In Tax Negotiations, 1st Round Winners Picked
Drumroll please...Congressional negotiators agreed on their first four tax breaks to be extended. The winners are:
Permanent extension of the research and development tax credit
Deduction of sales tax for states with no income tax
Makes permanent bonus depreciation tax deduction, allowing business to deduct more investments immediately
Permanent extension of deducting college tuition costs
A larger agreement on “Tax Extenders” -- the 50+ tax breaks that expired in 2013 -- must be completed by the end of the year to allow businesses and individual to claim them for 2014. On the table are two questions: which tax breaks to keep and for how long?
The House favors fewer tax breaks while making them permanent, while the Senate would prefer to extend nearly all of the credits and deductions for a limited time period of two years. Democrats also want a permanent extension of the earned income tax credit. Any compromise must come soon for tax breaks to help business owners this year. Those retroactive 2014 extenders must be passed by Dec. 31.
President’s Executive Order on Immigration Includes Entrepreneurs
After weeks of speculation, President Obama issued executive action changing immigration enforcement, increasing border protection, and expanding deferred action for nearly five million undocumented individuals living in the country. Beyond the headlines and Congressional bickering, the new order contains provisions for immigrant entrepreneurs.
The executive action, laid out in a memo from Department of Homeland Security, will expand the Optional Practical Training (OPT) program, which allows foreign graduates of U.S. colleges and universities to remain and work for up to 29 months in their field of study upon graduation. The OPT program is intended for students pursuing STEM-related degrees, both at the undergraduate and graduate levels.
For immigrant entrepreneurs, the memo will require Citizen and Immigration Services (CIS) to clarify the steps immigrant entrepreneurs must take to obtain a national interest waiver, which allows immigrants to self-petition for green cards without an employer sponsor. It also includes a new program to allow CIS to review, on a case-by-case basis, applications for inventors, researchers and founders of startup companies who have been “awarded substantial U.S. investor financing or otherwise hold the promise of innovation and job creation through the development of new technologies or the pursuit of cutting-edge research.”
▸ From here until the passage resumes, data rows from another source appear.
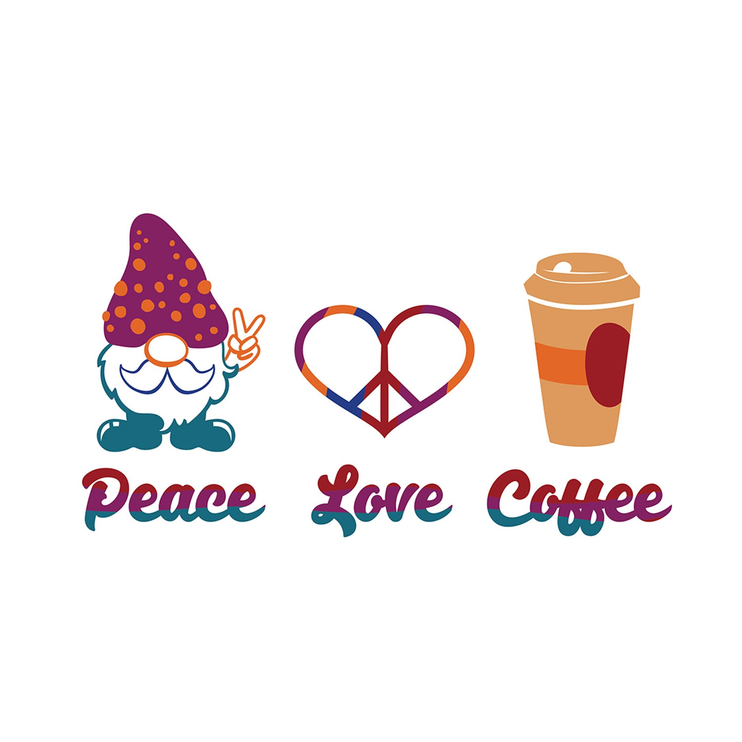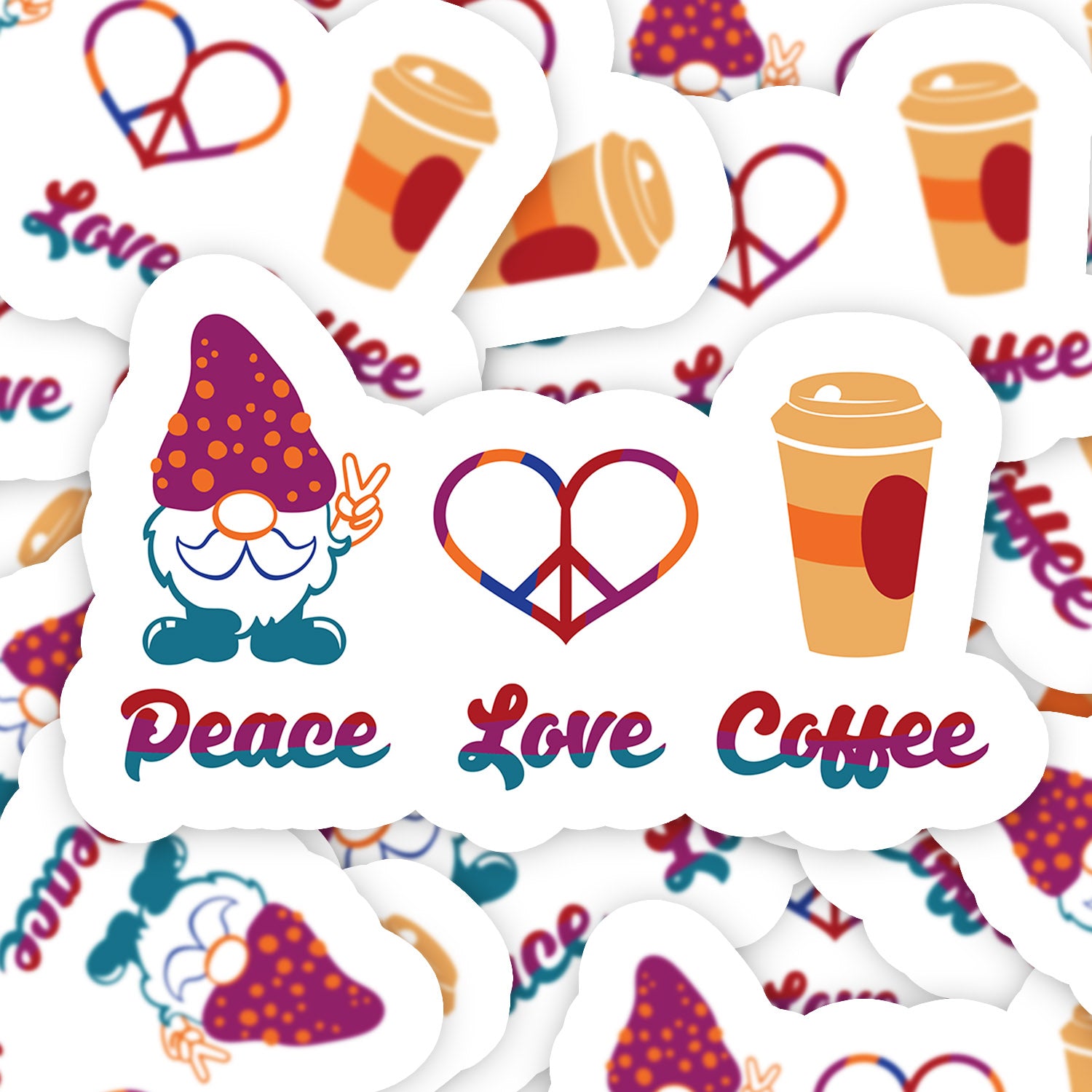Set 5 bucati, Sticker decorativ, Gnomul peace love coffee, Rezistent la apa, NO15377, 6 cm, Multicolor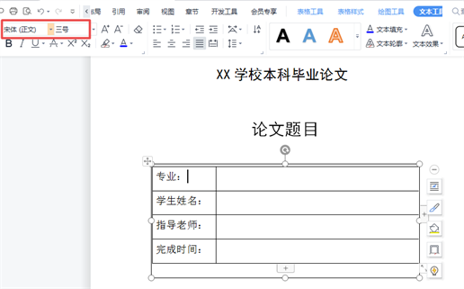 ⑥:在表格中输入对应的文字。例如:专业、姓名、指导老师以及完成时间。这里设置字体样式:宋体(正文)、三号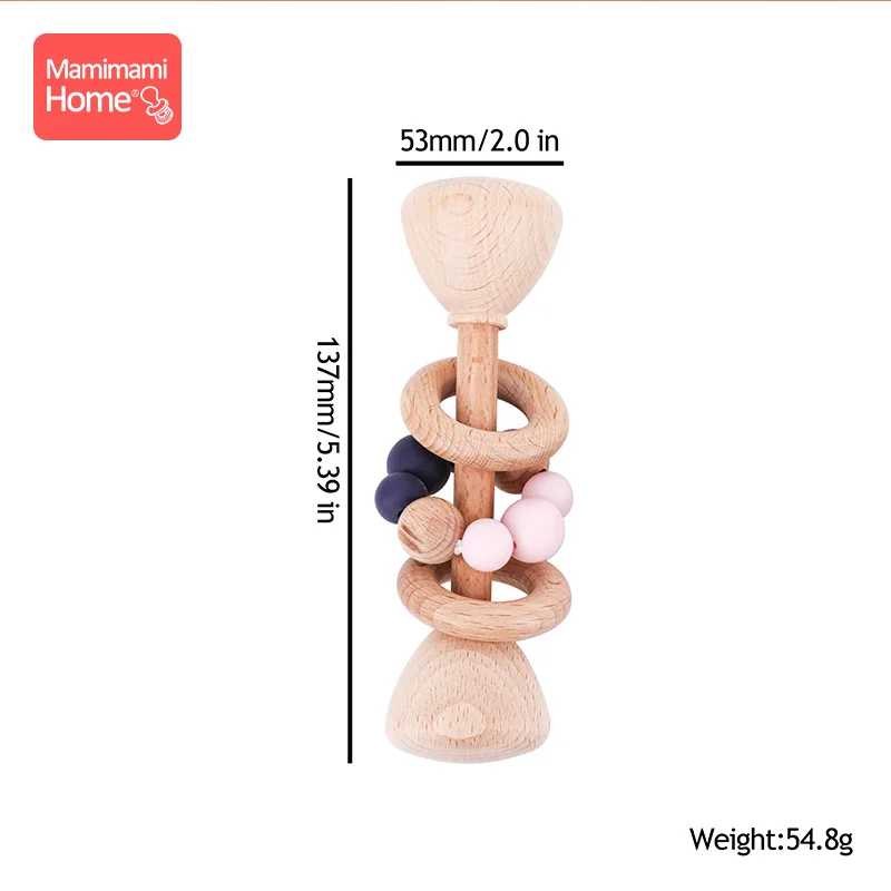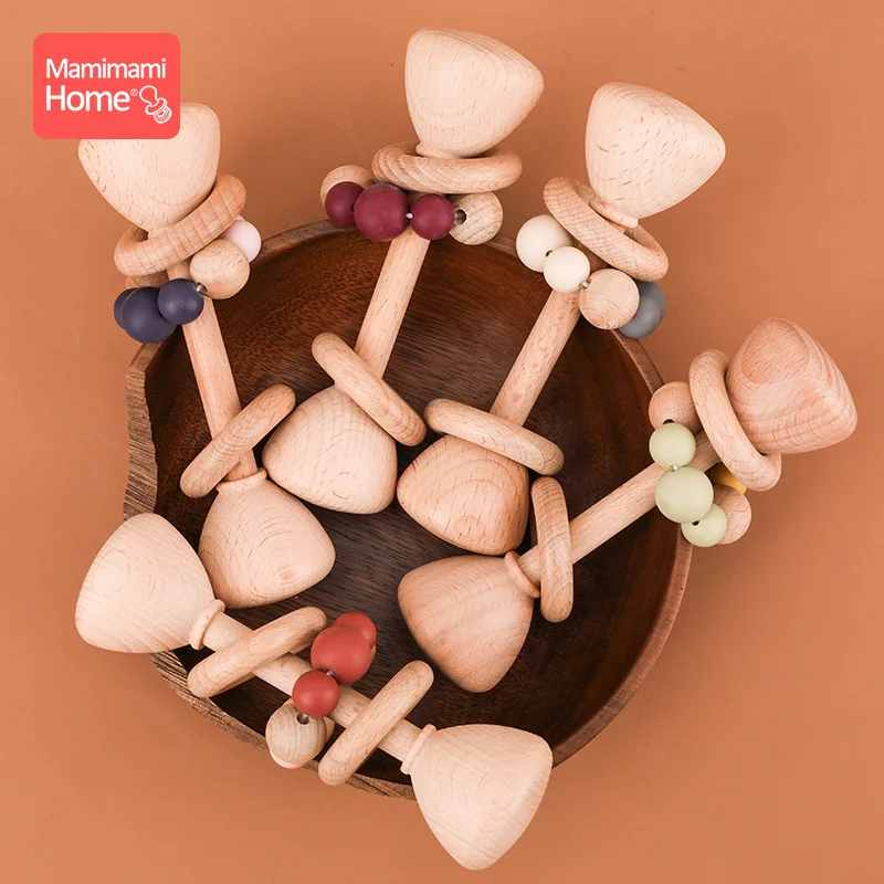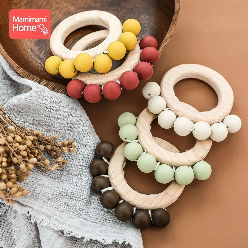 Comprar Mordedor de madera para bebé, sonajero musical sin BPA, anillo de gimnasio de madera, cuentas de silicona para roedores, juguetes educativos Montessori para niños, 1 unidad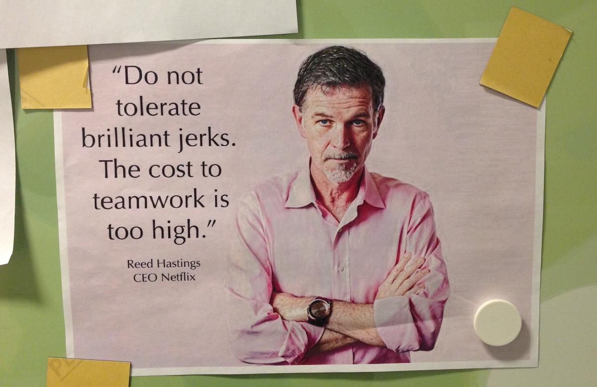 In over three years at Netflix, I've worked with zero brilliant jerks. The "no brilliant jerks" policy works, and it's been great. If we hired any in that time, they either changed their ways or left the company before I could interact with them.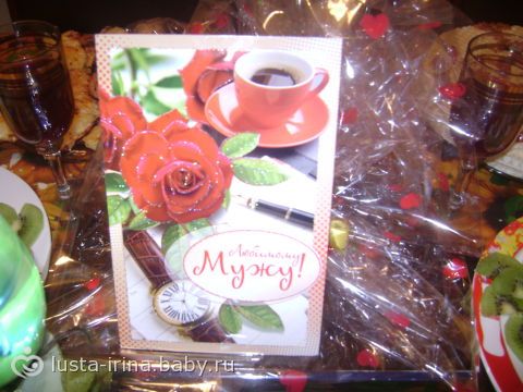 Приветик подружки! ну вот отчитуюсь за нашу годовщину… 1 марта… Утро… муж поцеловал «поздравил» как положено пока дети спали после душа сделал себе кофе мне чай попили и он пошол на работу… ну думаю гаденыш такой ниче не подарил… а я ж то на вечер ему готовила подарок… и все-таки надеялась что и он вечером подарит розочку....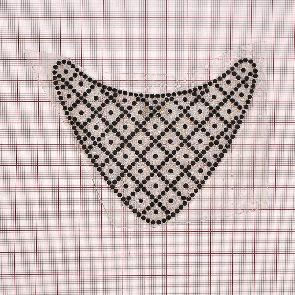 Аппликация клеевая стразы Ворот квадраты 98*80мм хамелеон мелкий бисер, черный камень 2мм, шт

The wide-ranging action will begin taking effect on January 5, 2015 and will remain in force until Congress enacts comprehensive immigration reform or a future president rescinds the order.
Money Matters: Here We Go Again
Congressional leaders are still unsure how to move forward on FY2015 government funding, as time runs out ahead of the December 11 deadline. While most Members of Congress are home for Thanksgiving festivities, appropriators will be toiling away drafting spending bills for Congress to consider when they return next week.
There’s just one wrinkle: new plans and proposals seem to change daily. Up until the President’s immigration announcement last week, Congressional appropriators had been hoping to avoid another continuing resolution (CR) by moving an omnibus funding bill. One of the current plans would fund federal agencies for the remainder of FY2015, while agencies tasked with carrying out the President’s executive action on immigration would be funded only incrementally. This new plan follows the “rescission” proposal, which was the topic du jour last week. Under that method, appropriators would have provided FY2015 funding levels to all departments through an omnibus, then decreased funding for agencies involved in implementing immigration laws.